There was a time when I was a scared little rabbit. Most people who know me from my youth remember a quite and shy person. Those who have been acquainted with me in my adult years would be shocked to know that I was once afraid of my own shadow. I suppose that I was essentially forced to change my ways by circumstance.
I had always relied on my mother to fight battles for the family. She was daring, willingly to face down any challenge. She always told us not to be intimidated by anyone because people are just people. For whatever reason I still felt somehow less than and never wanted to actually confront any issues. I learned how to hide in the shadows and just be comfortable not rocking the boat.
My first foray into speaking up for what I believed came in Debate class. I found that if I researched a topic I felt strong enough to voice persuasive arguments and to refute opposing ideas. It was as though I was able to create an alternative persona when I was engaged in formal debate just long enough to present my arguments. I discovered that I was actually fairly good at speaking up for myself.
My real transformation came when I was twenty years old and my mom experienced a psychotic break. It was a traumatic time for me and my brothers and at first I attempted to convince one of my aunts or uncles to take responsibility for getting care for her since my dad was dead.
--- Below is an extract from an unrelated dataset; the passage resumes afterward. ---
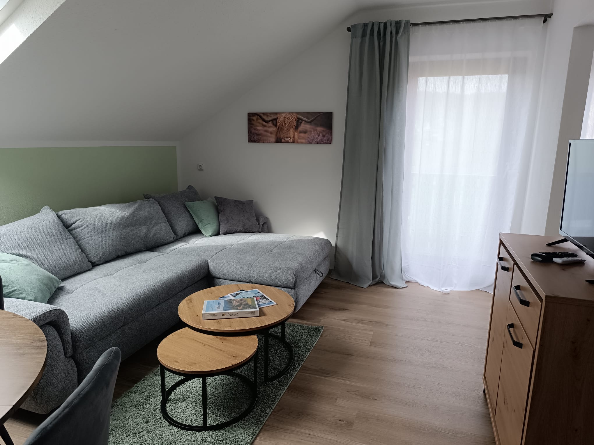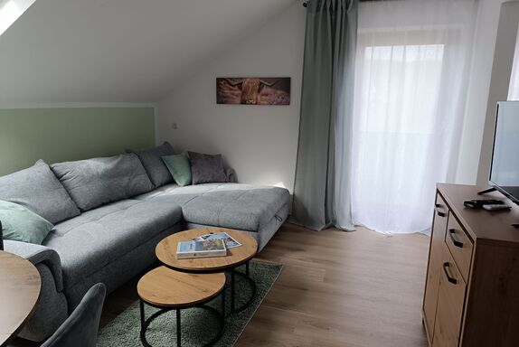 Unsere gemütlich eingerichtete Ferienwohnung mit 42 m² Wohnfläche befindet sich im 1.Stock und bietet Platz für 2 Personen. Die komplett ausgestattete Küchennische mit Kühlschrank, Herd, Backofen, Wasserkocher, Toaster, Kaffeemaschine und einer Grundausstattung an Geschirr, Gläser und Besteck lässt keine Wünsche offen. Im Wohnbereich befindet sich ein Esstisch, eine Couch und ein TV mit SAT-Empfang und Zugang zum Balkon mit einem herrlichen Blick auf den Ortskern. Die Ferienwohnung verfügt über ein Schlafzimmer mit einem Doppelbett. Im Badezimmer befindet sich eine Dusche und ein WC. Bettwäsche, Handtücher, kostenfreie WLAN-Nutzung, Parkplatz und Endreinigung sind im Preis enthalten. Bitte beachten Sie, dass Haustiere nur nach Absprache erlaubt sind.

They each in turn insisted that they had no idea what to do and wished me luck as I navigated the world of mental health. I knew that if my mother was going to get well I would have to be the one to take charge. I understood that I was on my own.
The funny thing is that up until that moment I had never even driven on the freeways of Houston. Since she ended up being treated in a downtown hospital I had to also learn how to navigate the roads as quickly as I had to become her advocate. My days as a child ended forever in that moment, which was good because I would face a number of daunting challenges while still in my early twenties. I would become tough and worldly wise, convinced that I was capable of handling most anything.
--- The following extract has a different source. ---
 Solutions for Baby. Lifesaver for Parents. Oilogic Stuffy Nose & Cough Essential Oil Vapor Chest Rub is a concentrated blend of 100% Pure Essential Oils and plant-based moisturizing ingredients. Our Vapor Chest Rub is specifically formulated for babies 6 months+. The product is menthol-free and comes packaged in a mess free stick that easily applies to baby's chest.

My mom’s mental illness was chronic so I became her lifelong caretaker. Before long I also had two children, one of whom developed hearing problems that required medical attention and my ability to find the proper doctors and therapies for her. On top of all of those things my husband contracted a rare fungal disease and spent three months in the hospital undergoing chemotherapy before I had even turned twenty five. Luckily by then I was a self assured outspoken woman who fully understood what my mother had always taught me, namely that working with other people was not as difficult as it had once seemed.
I suppose that those early adult years fashioned my courage in ways that lead me in the direction of being a champion for anyone with a need. At work I spoke up for my fellow teachers and fought for my students. It seemed that nobody frightened me even on occasions when they probably should have. I endured the wrath of one principal when I pointed out her abuse of the faculty. She threatened me and my career but I stood strong and in the end the school board learned of my complaints, investigated and asked her to resign.
Sometimes I don’t even recognize myself as being the person of my youth. I was definitely a late bloomer but when I began to flower forth I never looked back. I assumed an overdeveloped sense of purpose and no fear when it came to speaking up.
Ironically I am still a rather quiet and circumspect individual. I don’t like to draw much attention to myself but I will shout from the rooftops if someone is in trouble. Otherwise I lead a rather unremarkable life. I prefer my routines and the familiar hum of ordinary days. I try not to become obnoxious in my opinions because I’ve learned that nobody is likely to change just because I show them a different point of view. Still, I have been able to bring about positive change now again by respectfully suggesting alternative arguments just as I did when I was a debater.
I now possess a strength that allows me to feel good about myself. I learned from my mother’s example and refined my courage because of her illnesses. My tutelage was outstanding and provided me with the foundation I needed to battle challenges that might once have crushed me. Having an important cause had the power of turning me into a warrior. I’m strong and I like being that way.